Chatbots With Attitude

Enhancing Chatbot Interactions Through Dynamic Personality Infusion

ACM CUI 2024
Nikola Kovacevic, Tobias Boschung, Christian Holz, Markus Gross, and Rafael Wampfler
Chatbots With Attitude

Abstract

Equipping chatbots with personality has the potential of transforming user interactions from mere transactions to engaging conversations, enhancing user satisfaction and engagement. In this work, we infuse chatbot personalities by dynamically adapting chatbot responses using GPT-4 based on a dedicated chatbot personality model. This novel intermediate stage between the chatbot and the user allows to adjust the chatbot’s response without altering the chatbot’s semantic capabilities.
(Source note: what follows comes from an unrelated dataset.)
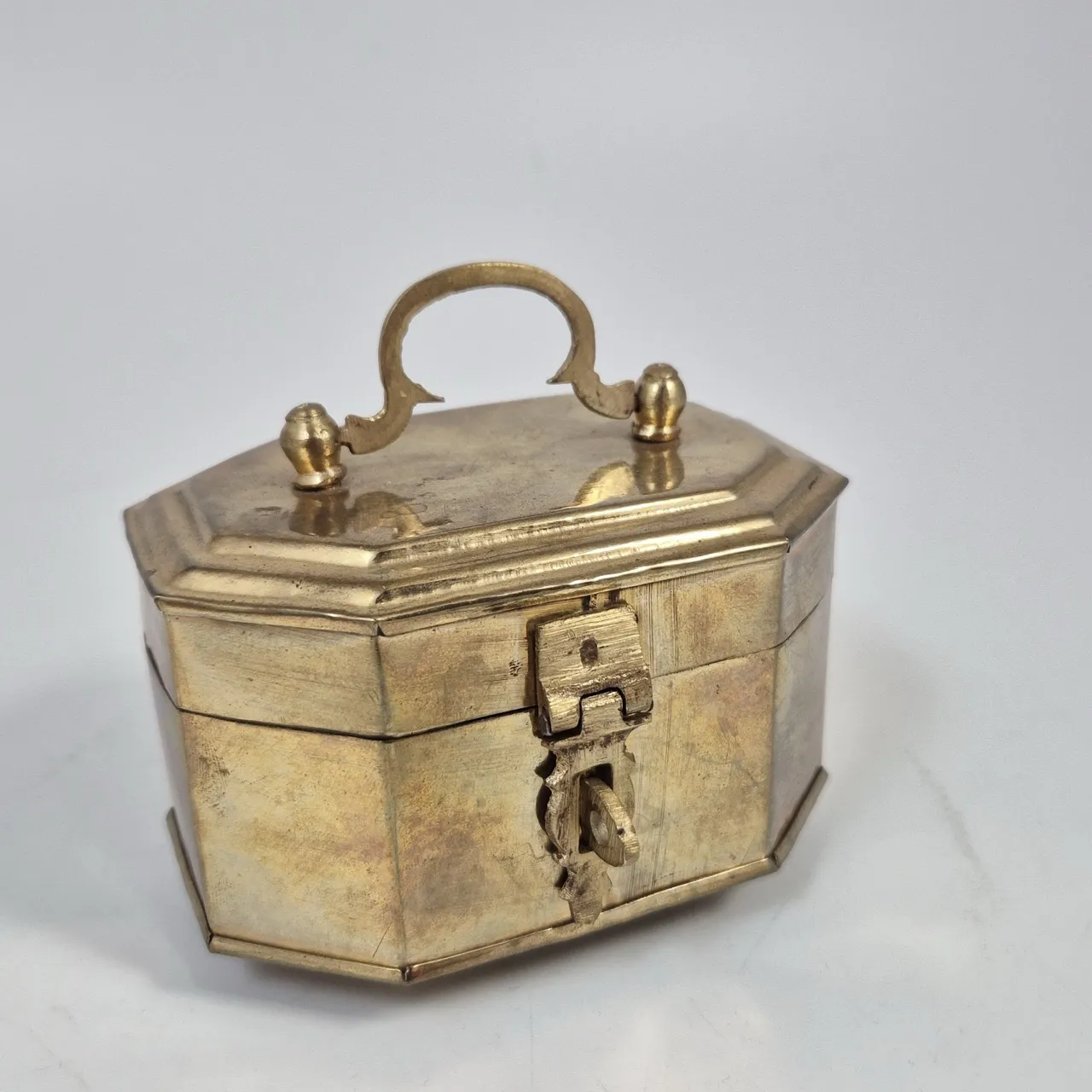Liten gullig kista i mässing H. ca 7.5cm
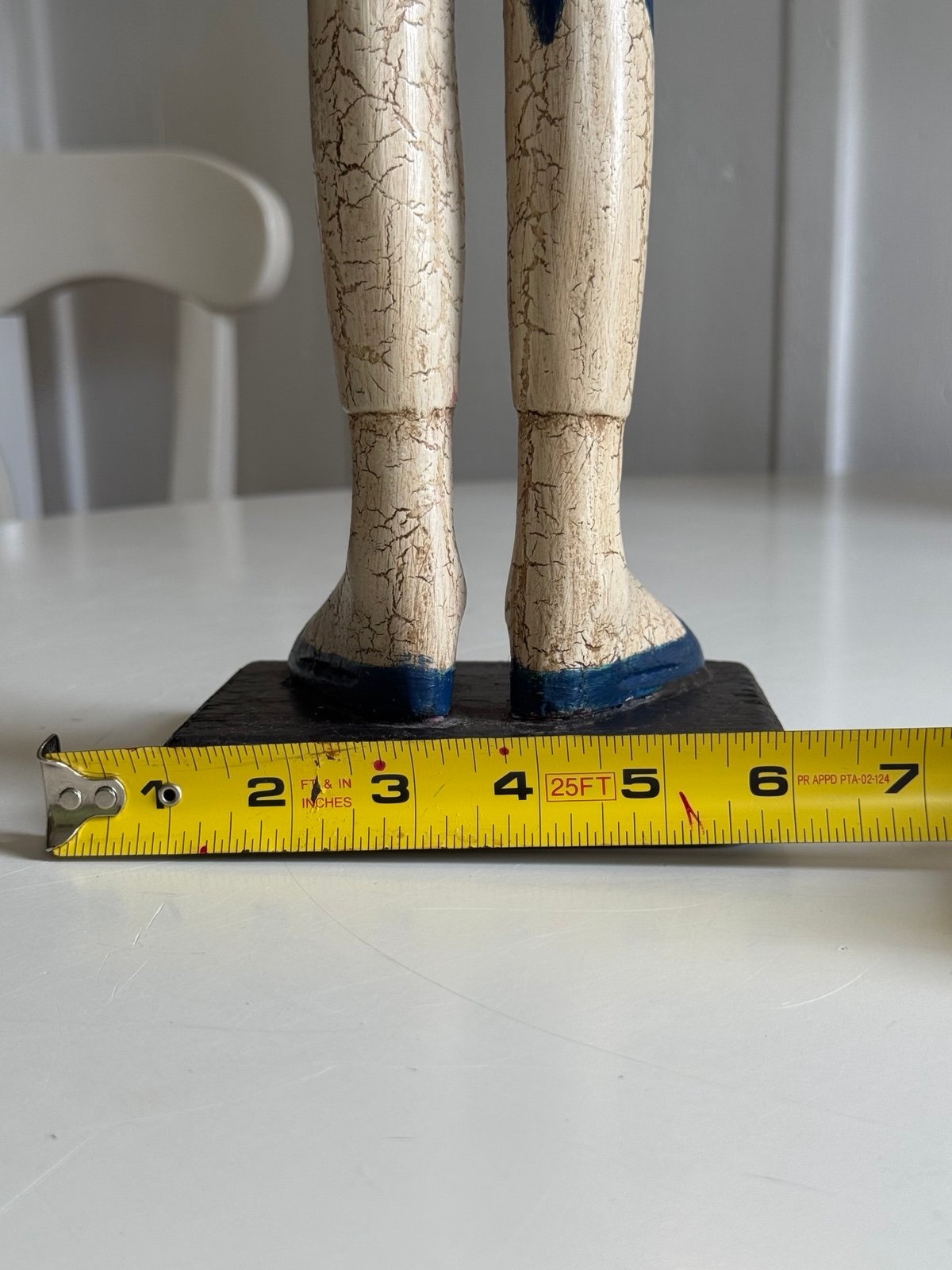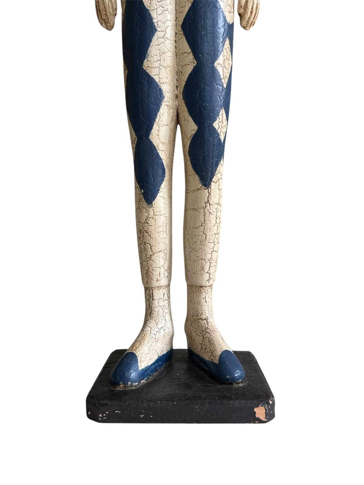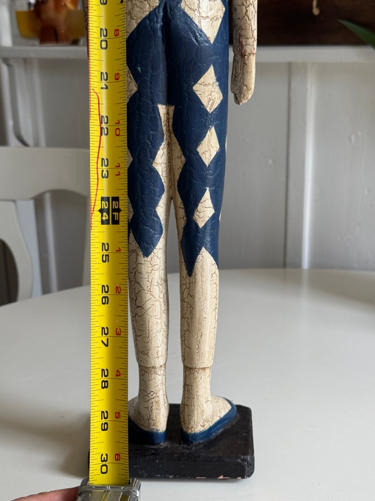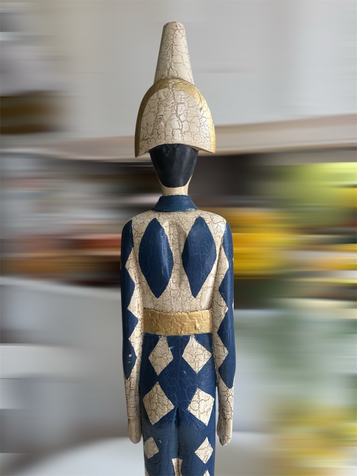 * we’re about to take to sell at a auction house so if you want them make offer or buy asap* He stands 30 inches tall. Weighs about 5 pounds. He is hand painted in blue and cream ivory off white diamonds with gold details. He is very collectible. When I bought the pair of these at an estate sale EVERYONE stopped me about them. They all wished that I would put them down. The other one I have listed is a little bit taller and is black diamonds. Another seller sold this as a Mackenzie Childs piece. I’m not sure. I’d say it is Mackenzie Childs “style” either way it is very cool and unique

To test the effectiveness of our personality infusion, we first collected human-chatbot conversations from 33 participants while they interacted with three LLM-based chatbots (GPT-3.5, Llama-2 13B, and Mistral 7B). Then, we conducted an online rating survey with 725 participants on the collected conversations. We analyze the impact of the personality infusion on the perceived trustworthiness of the chatbots and the suitability of different personality profiles for real-world chatbot use cases. Our work paves the way for dynamic, personalized chatbots, enhancing user trust and real-world applicability.

Reference

Nikola Kovacevic, Tobias Boschung, Christian Holz, Markus Gross, and Rafael Wampfler. Chatbots With Attitude: Enhancing Chatbot Interactions Through Dynamic Personality Infusion. In Proceedings of ACM CUI 2024.